В такие открытые стычки Цветанка с Ярилко до этого дня старалась не вступать, так как знала, что сила будет на его стороне, но сейчас что-то в ней пружинисто и горячо выпрямилось, словно твёрдый стержень протянулся вдоль спины, расправляя ей плечи и придавая петушиный задор походке. Нет, эта кареглазая певунья не должна была терпеть ни от кого побои и унижения.
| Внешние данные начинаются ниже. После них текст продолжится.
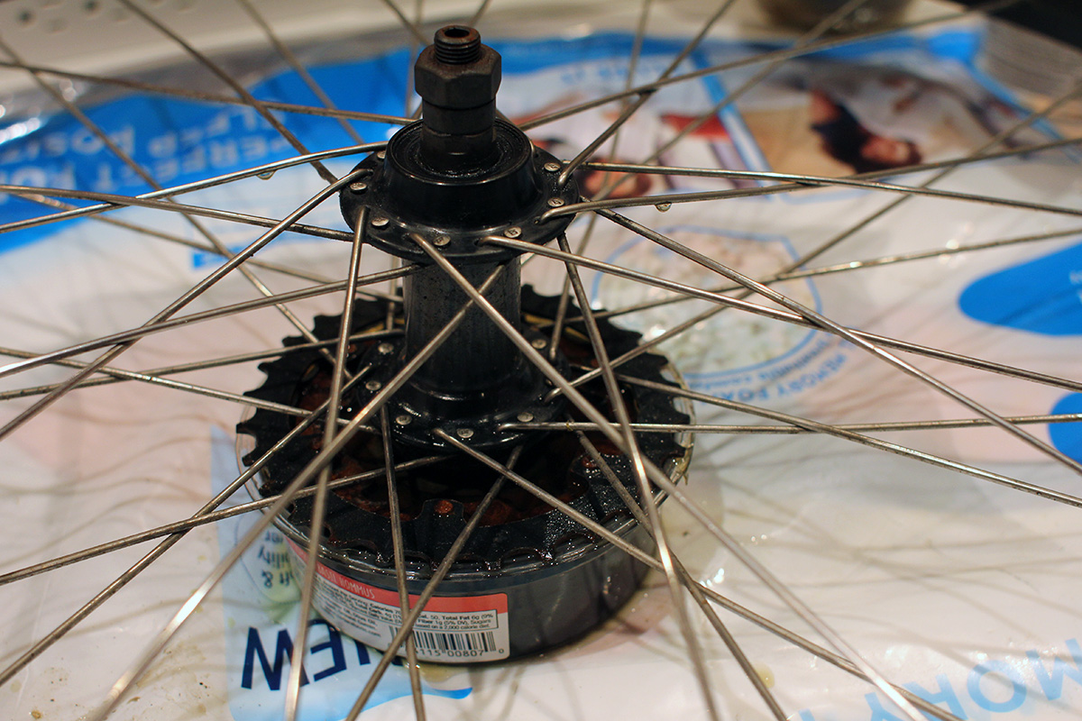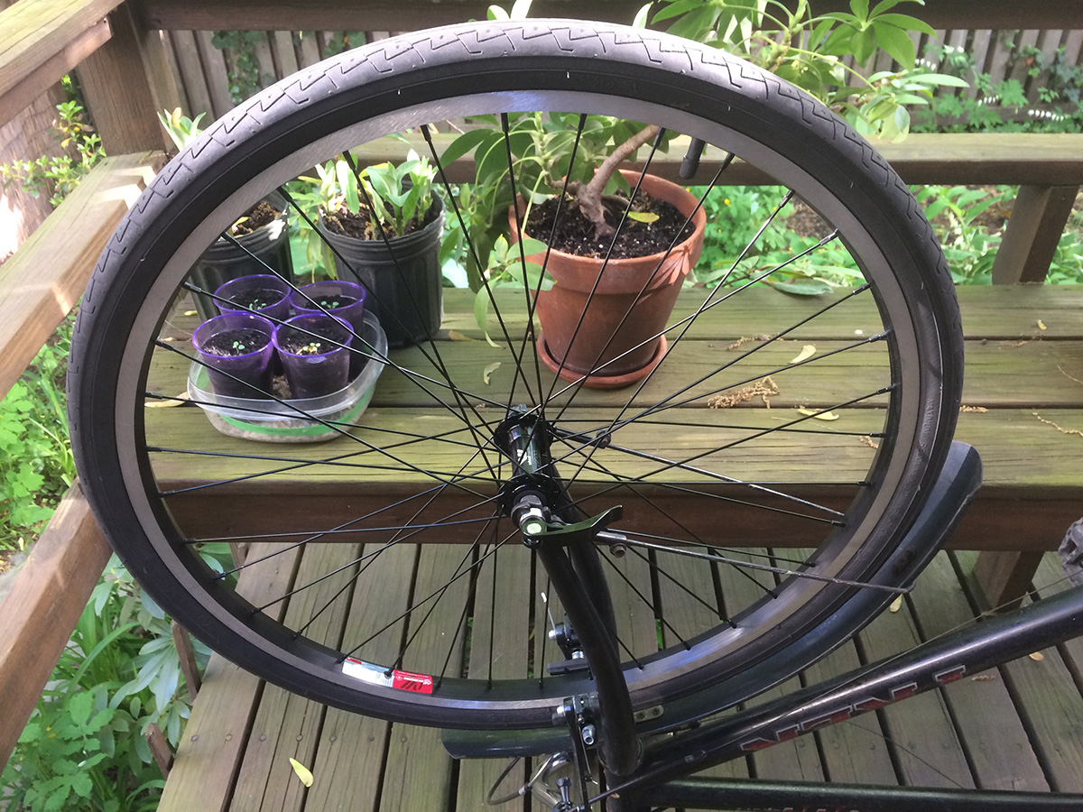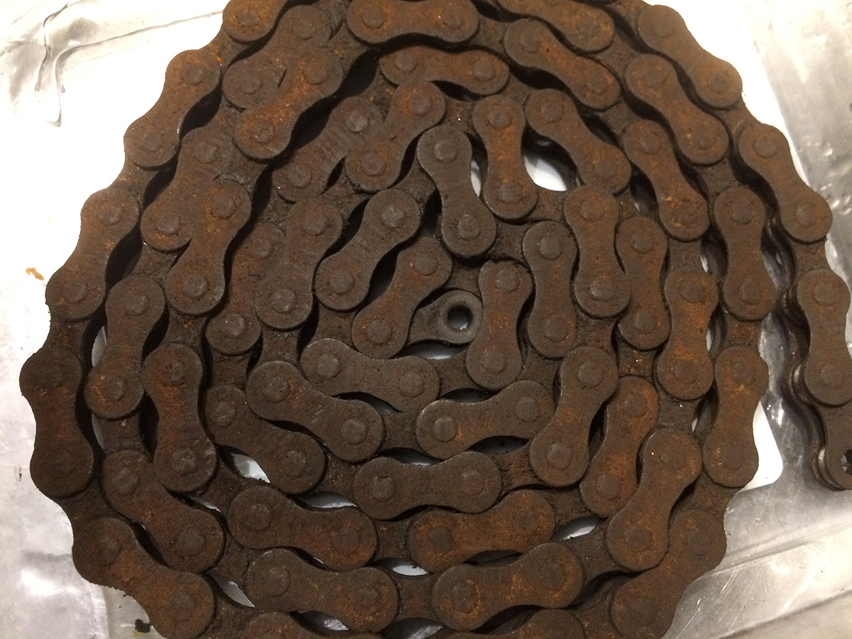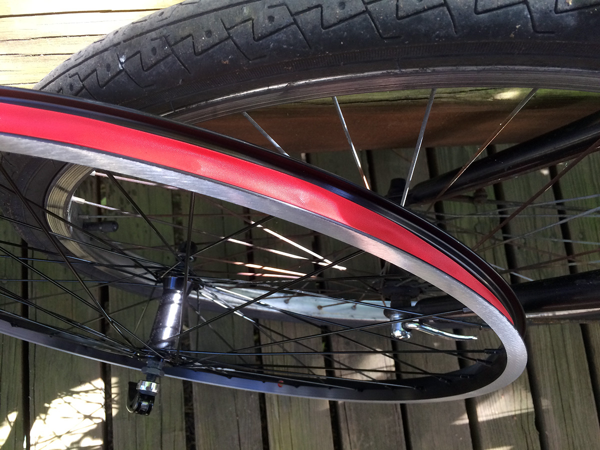 i replaced the front wheel. after putting on a new rim tape (red), i removed the tube and tire from the old wheel and transferred it onto the new one. i used my plastic tire levers because i didn't want to scratch the new rim. i thought about testing the tube first for leaks, but decided i wouldn't waste time and install the tube/tire right away. if the tube continues to leak, i'll just put in a new one. after that i installed it on the front forks easily, perfect fit. i soaked the rusty chain in some old rust remover solution. like the tube, i also thought about replacing the chain, but i'll see how clean they are after the rust treatment. after the chains had been soaking for a few hours, i dunked the cassette on the rear wheel in the rust remover.

Сердце, смягчённое соловьиными ночами, вспыхнуло желанием защитить незнакомку. Девушка не была так головокружительно красива, как Нежана или Ива, но своеобразной прелестью всё же обладала. Одни глазищи чего стоили! Бездонно-янтарные, с жаркой, цепляющей искоркой, сейчас совершенно округлившиеся от страха.
А вот гляделки Ярилко выпучились, едва ли не вылезая из глазниц, точно его зад прижгли раскалённым клеймом.
«Заяц! Ты рехнулся, нахалёнок? Сначала портки раздобудь, в каких не стыдно на люди выйти, а потом указывай! Торг – мой! Забирай свою щипаную курицу и уноси ноги, пока тебе рёбрышки не пересчитали!»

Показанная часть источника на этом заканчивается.